Activity. Everything in the listing below should be written out again exactly, except the pictures.

Exercise data.
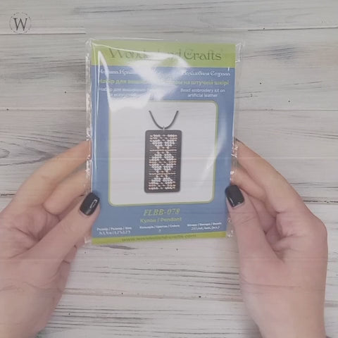 Bead embroidery kit on artificial leather Pendant FLBB-078
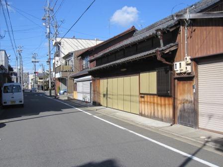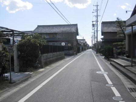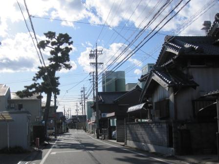 県道64号線の高架を過ぎると、自動車関連の事業所が建ちならび道幅もその区間だけ広くなっている。 米洗川の手前に非常に大きな常夜燈が存在感を示して建っている。 200mほど進むと小公園の広場の脇に小さな地蔵堂が ある。しばらく古い町並みを歩いていくと、松並木の名残が一本残っている 。 |
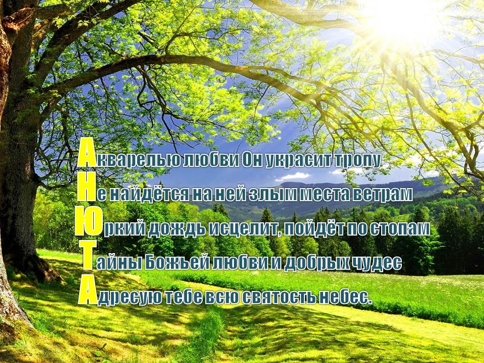 К любому празднику или просто без повода, чтобы порадовать дорогого Вам человека. Сувенир с нужным именем в стихах. Либо любая другая аббревиатура. К каждому заказу индивидуальный подход. Фото можно поставить в рамку, распечатать на майке, кружке и т.д. Также можно писать на личном фото того, кого хотите удивить необычным подарком. Буду рада Вашей смс или звонку. +375 25 705 16 88. Sacha German.

Output of the exercise.
 Bead embroidery kit on artificial leather Pendant FLBB-078
 県道64号線の高架を過ぎると、自動車関連の事業所が建ちならび道幅もその区間だけ広くなっている。 米洗川の手前に非常に大きな常夜燈が存在感を示して建っている。 200mほど進むと小公園の広場の脇に小さな地蔵堂が ある。しばらく古い町並みを歩いていくと、松並木の名残が一本残っている 。 |
 К любому празднику или просто без повода, чтобы порадовать дорогого Вам человека. Сувенир с нужным именем в стихах. Либо любая другая аббревиатура. К каждому заказу индивидуальный подход. Фото можно поставить в рамку, распечатать на майке, кружке и т.д. Также можно писать на личном фото того, кого хотите удивить необычным подарком. Буду рада Вашей смс или звонку. +375 25 705 16 88. Sacha German.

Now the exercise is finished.